## What you have to do
Below are records; please write out exactly the lines from the first line through the line containing "Two-room apartments of", with no pictures.

## Given records
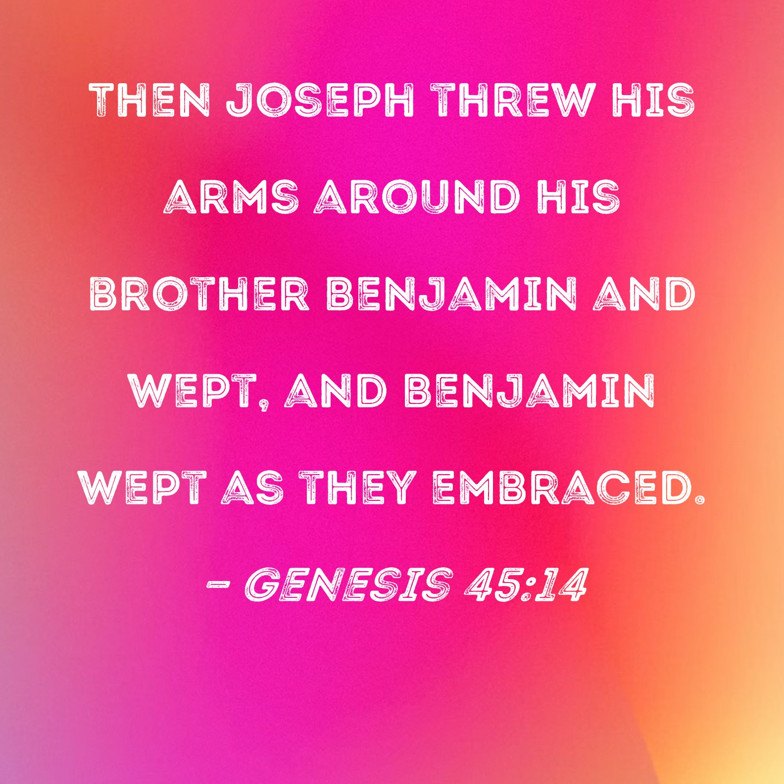 Genesis 45:14 Then Joseph threw his arms around his brother Benjamin and wept, and Benjamin wept as they embraced.
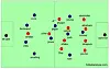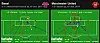Manchester United kom i en type 4-2-3-1 variant. Jones var dypest på midten, Giggs gikk oftere frem i banen, men hadde en forholdsvis lav utgangsposisjon. Park var den høyeste sentrale, men ikke like høy som Rooney pleier å utføre tilsvarende rolle. Kanskje var United også 4-3-2-1. Nevnte Wayne Rooney startet som ensom spiss, kantene Nani og Young var bredere enn mot Aston Villa.
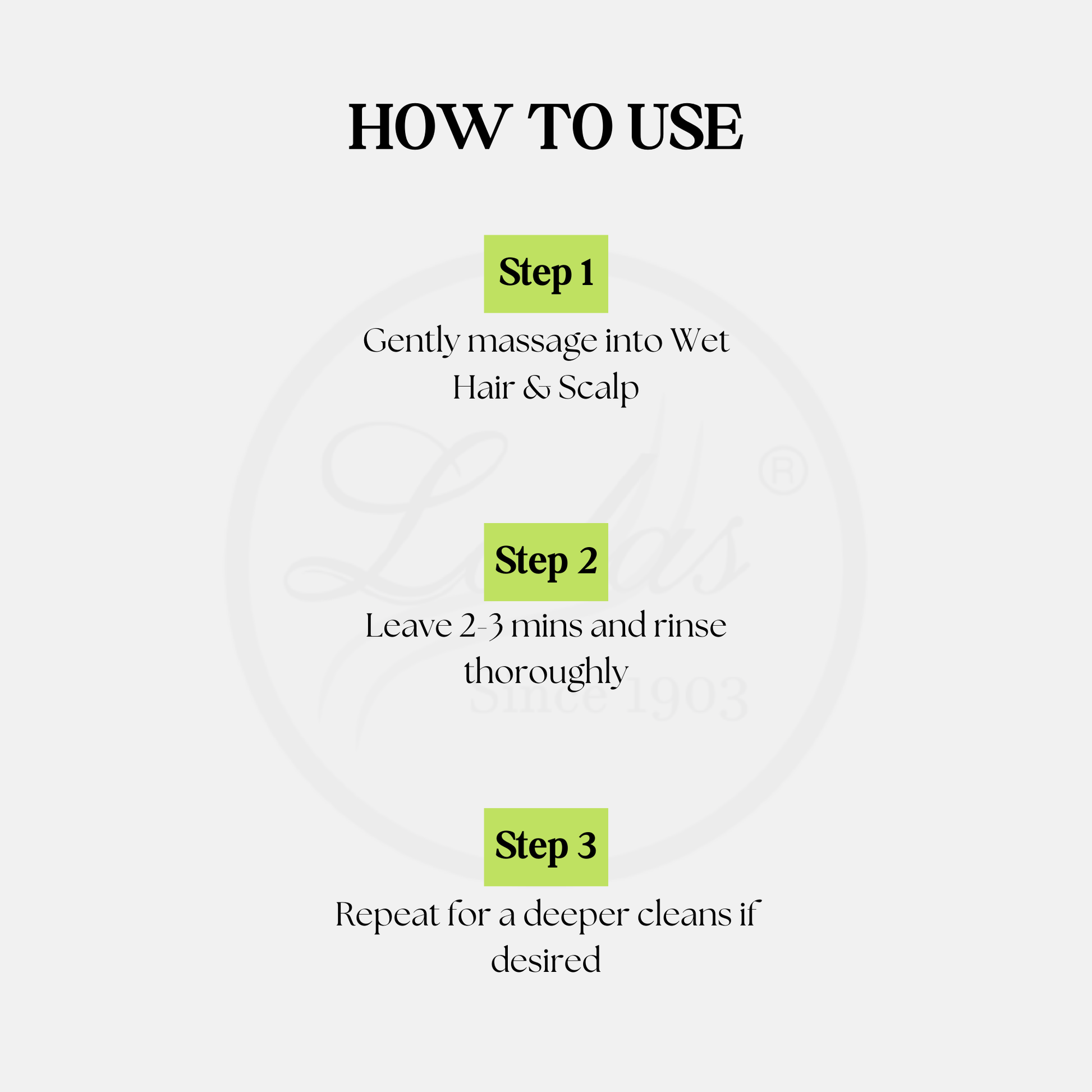 Gently massage into wet hair and scalp. Leave 2-3 minutes and rinse thoroughly. Repeat for a deeper cleanse if desired. Mild Shampoo for frequent use.
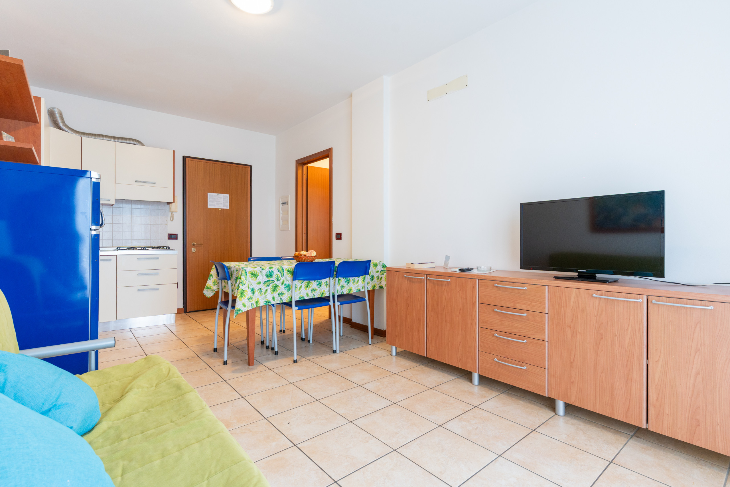 Two-room apartments of around 45 sq m are ideal for a relaxing and comfortable holiday. Located on the ground floor or on the first and second floors, they offer a balcony with a view of the internal avenue, while others have a view of the swimming pool.
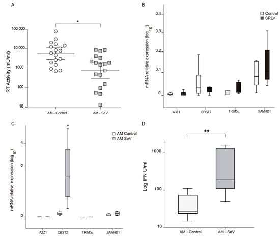 Antiviral activity induction after infection with Sendai virus (SeV). (A) RT activity in ovine skin fibroblasts (OSFs) cultured with supernatants from alveolar macrophages (AMs), infected or not with SeV, were infected with SRLV after 24 h of supernatant treatment. SRLV virus production was measured as retrotranscriptase (RT) activity in the supernatant at 72 h post infection. Data shown are the geometric mean ±95% CI of at least three independent experiments. Differences were statistically analyzed using unpaired T test, * p < 0.05. (B) Relative mRNA expression of the restriction factors after infection with SRLV. Data shown are the mean ± SEM of at least three independent experiments. * p < 0.05 (paired Mann–Whitney U test). (C) Relative mRNA expression of restriction factors: ovine APOBEC3Z1 (A3Z1) tetherin (oBST2), TRIM5α, and SAMHD1 measured by quantitative RT-PCR in ovine skin fibroblast (OSF) cultured with supernatants from AM control or AM infected with SeV. Values are the median (±interquartile range) of at least three independent experiments. * p < 0.05 (Mann–Whitney paired U Test). (D) Type-I interferon (IFN) quantification measured by an ovine-adapted IFN bioassay using supernatants from AM control or infected with SeV. Data shown are the median ±interquartile range of at least three independent experiments. * p < 0.05, ** p < 0.01 (Mann–Whitney paired U test).

## Answer below
 Genesis 45:14 Then Joseph threw his arms around his brother Benjamin and wept, and Benjamin wept as they embraced.
Manchester United kom i en type 4-2-3-1 variant. Jones var dypest på midten, Giggs gikk oftere frem i banen, men hadde en forholdsvis lav utgangsposisjon. Park var den høyeste sentrale, men ikke like høy som Rooney pleier å utføre tilsvarende rolle. Kanskje var United også 4-3-2-1. Nevnte Wayne Rooney startet som ensom spiss, kantene Nani og Young var bredere enn mot Aston Villa.
 Gently massage into wet hair and scalp. Leave 2-3 minutes and rinse thoroughly. Repeat for a deeper cleanse if desired. Mild Shampoo for frequent use.
 Two-room apartments of around 45 sq m are ideal for a relaxing and comfortable holiday. Located on the ground floor or on the first and second floors, they offer a balcony with a view of the internal avenue, while others have a view of the swimming pool.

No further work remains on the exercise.